British nuclear turns to tried-and-tested financing model

Britain’s push to pass legislation on a Regulated Asset Base (RAB) model for nuclear power will be welcomed by an industry in search of an affordable financing program.

Nuclear power supply chains have long struggled to find financial backing at a reasonable rate – over two thirds of a plant’s levelized cost of electricity (LCOE) can be taken up by financing alone, according to the OECD NEA – and the failure of governments to commit to the technology amid social resistance has kept investors on the back foot.
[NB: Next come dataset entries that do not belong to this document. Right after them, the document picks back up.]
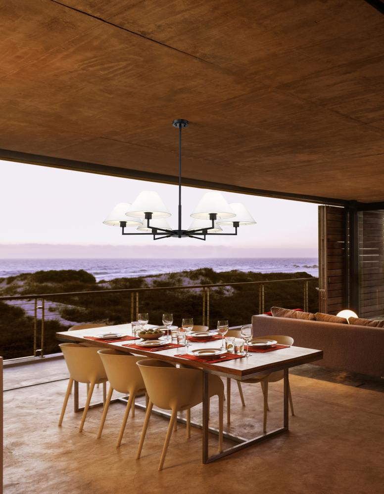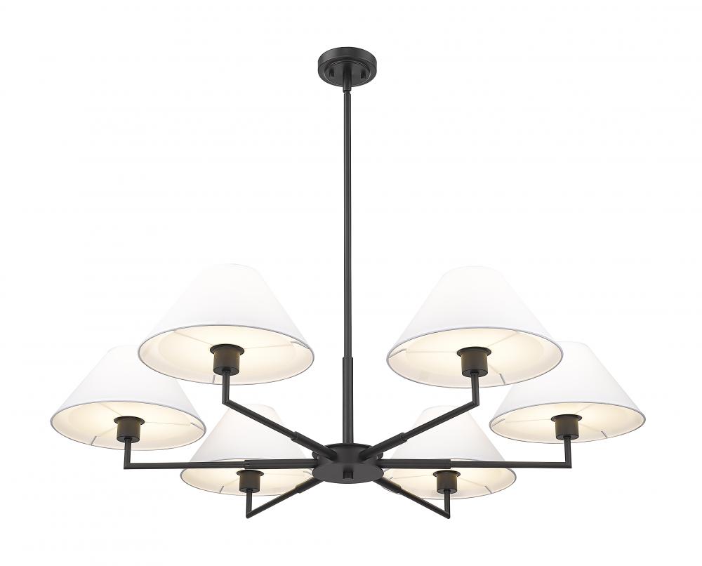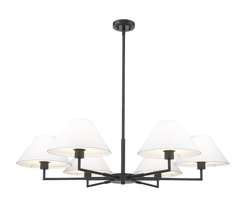 Inject a little modern simplicity into surrounding decor with a stylish six-light chandelier. In a cool matte black finish, this delightful fixture is a flexible option everywhere from your dining room to a master suite, casting warm, bright illumination while instilling radiant elegance. Its six lights are complete with empire shades for a classic touch updated with white linen for light, bright ambiance.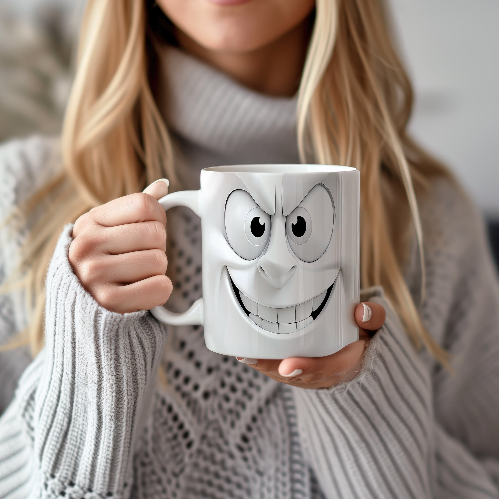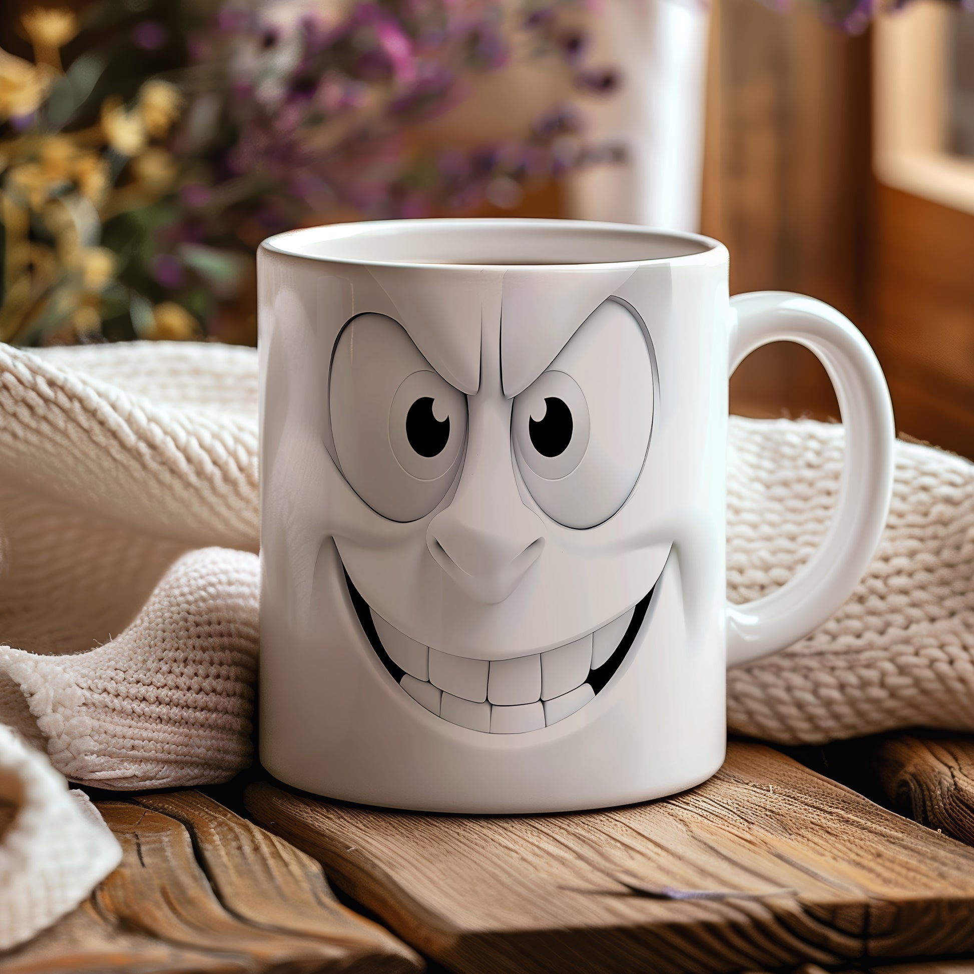 Tento hrnek s veselým obličejem přináší do vašeho dne humor a radost. Je ideální pro všechny, kteří chtějí začít den s úsměvem, nebo jako originální dárek pro přátele a rodinu. Materiál: keramika. Objem: 330 ml. Vhodné do myčky i mikrovlnky. Používáním tohoto hrnku si zpříjemníte každé ráno a dodáte si dobrou náladu.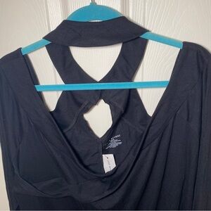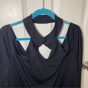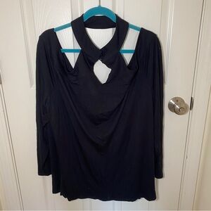 Long sleeved black top from Lane Bryant. Off the shoulder with reverse halter top design. Diamond shape cut out on back. Size 30/32. New with tags.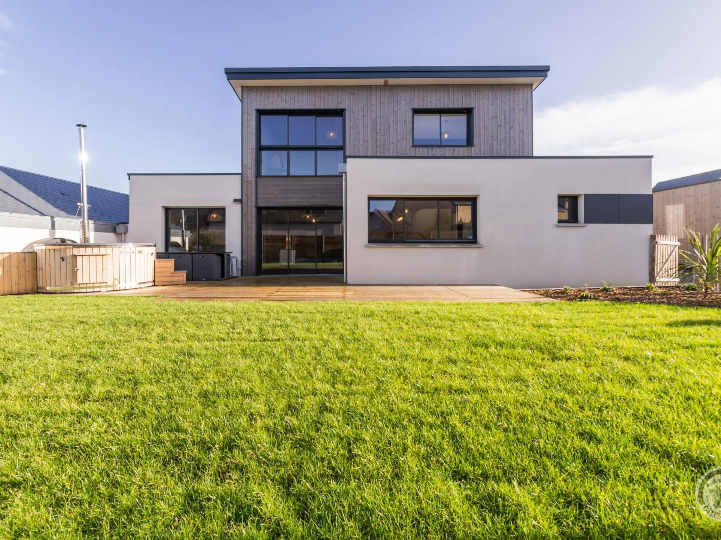 Modernes Einfamilienhaus. Eingang mit separatem WC. Großes Wohnzimmer mit offener Küche (Backofen, Induktionskochfeld mit integrierter Dunstabzugshaube, Geschirrspüler, Kühlschrank, Espressomaschine, Heißluftfritteuse). Hauswirtschaftsraum (Waschmaschine, Gefrierschrank). Wohnbereich (Pelletofen, TV, Bluetooth-Lautsprecher, Glasfaser-Internet). Schlafzimmer 1 (160x200 Bett) mit eigenem Duschbad und Zugang zur Terrasse. Im Obergeschoss: Schlafzimmer 2 (1 160x200 Bett), Schlafzimmer 3 (2 80x200 Ausziehbetten, die zusammengestellt werden können) und 1 160x200 Bett. Duschbad mit WC. Wohnnetz auf dem Treppenabsatz. Babyausstattung auf Anfrage. Bettwäsche und Handtücher werden gestellt. Betten bei Ankunft bezogen. Reinigungsservice gegen Aufpreis. Heizung mit Pelletofen im Erdgeschoss (Pellets werden bis zu 2 Säcke/Woche gestellt) und Elektroradiatoren im Obergeschoss. Alle Nebenkosten inklusive. Privater, umzäunter Garten. Holzterrasse. Gartenmöbel. Grill. Liegestühle. Beheiztes nordisches Bad mit Wärmepumpe (konstante Temperatur) und Hydrojets. Privatparkplatz für 3 bis 4 Fahrzeuge. Nur 2,5 km vom Strand entfernt ist das Dorf Gouville/Mer mit seinen Dünen, den berühmten kleinen bunten Hütten und den Austernbänken ein wunderschönes Ziel für Ihren Familienurlaub. Diskret am Ende einer Sackgasse gelegen, entdecken Sie ein bemerkenswertes, modernes Haus mit großzügigem Raumangebot und perfekter Ausstattung. Große Erkerfenster bieten eine dauerhafte Verbindung zur 50 m² großen Terrasse und dem umzäunten Garten. François teilt dieses von ihm für seine Familie entworfene Gebäude gerne mit Ihnen. Ihre Kinder werden den Spielbereich im Erdgeschoss sowie das Wohnnetz im Obergeschoss genießen, das die Erwachsenen für ihren Mittagsschlaf nutzen. Ein echtes nordisches Bad steht Ihnen für wahre Entspannungsmomente zu jeder Jahreszeit zur Verfügung. Beachten Sie auch, dass der Eigentümer ausgebildeter Osteopath ist und zwei Tage pro Woche in seiner kleinen Praxis neben dem Haus praktiziert. Sie können bei Bedarf eine Sitzung buchen.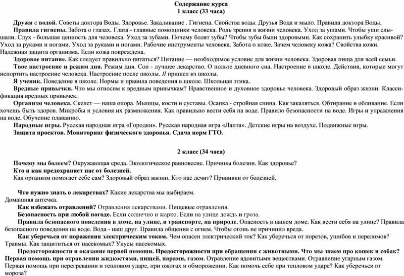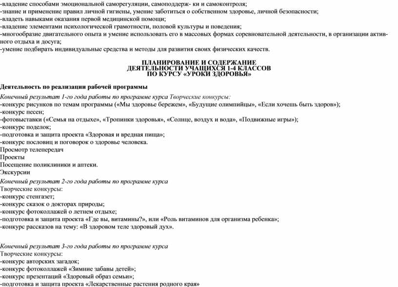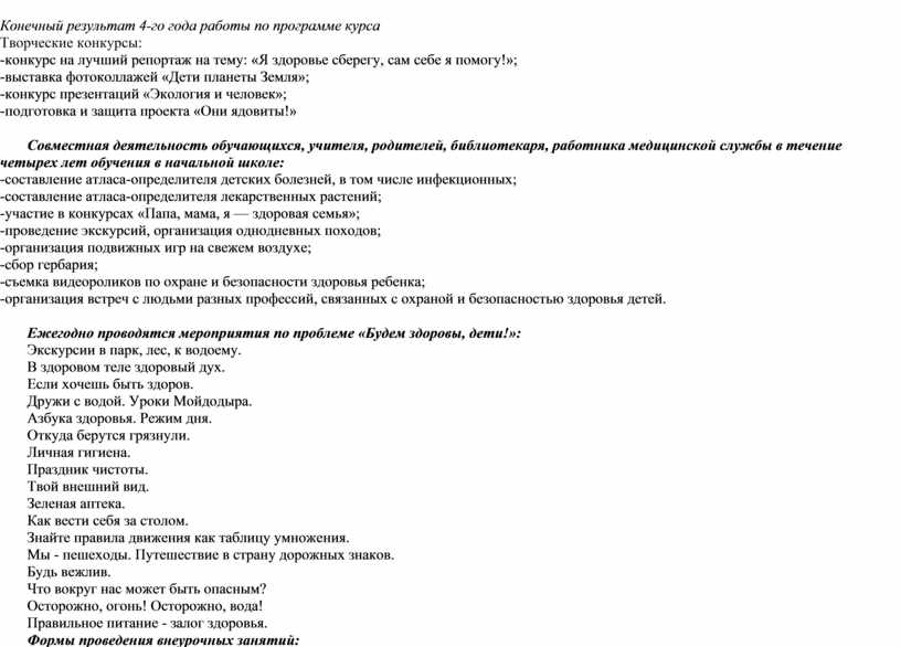 Программа охватывает основные направления здоровьесберегающей деятельности в начальной школе и позволяет пробуждать в детях желания заботиться о своем здоровье, относиться к своему здоровью как к ценности; формировать установки на использование здорового питания; издавать оптимальные двигательные режимы для детей с учетом из возрастных, психологических и иных особенностей, развивать потребности I занятиях физической культурой и спортом; соблюдать рекомендуемый врачами режим дня; снизить влияния негативных факторов и рисков на здоровье детей (низкая двигательная активность, курение, алкоголь, наркотики и другие психоактивные вещества, инфекционные заболевания);

However, as more people come to realize that nuclear must play some part in the energy mix if countries are to reach net zero emissions in coming decades, purse strings are starting to loosen, and politicians are starting to take note.

“Nuclear is political and, I hope that after this year when we saw gas prices soaring, they see that there’s a problem coming up and that they need to do something. The nuclear industry has been saying this for years and governments are just realizing now,” says energy, nuclear, and renewables economist, and Project Development Director at the Jordan Atomic Energy Commission Rakan Ayoub.

Some of the countries surging ahead with nuclear power, such as Russia and China, have bypassed private financing concerns by bankrolling any plant through state coffers, and this level of government commitment keeps discount rates at a minimum.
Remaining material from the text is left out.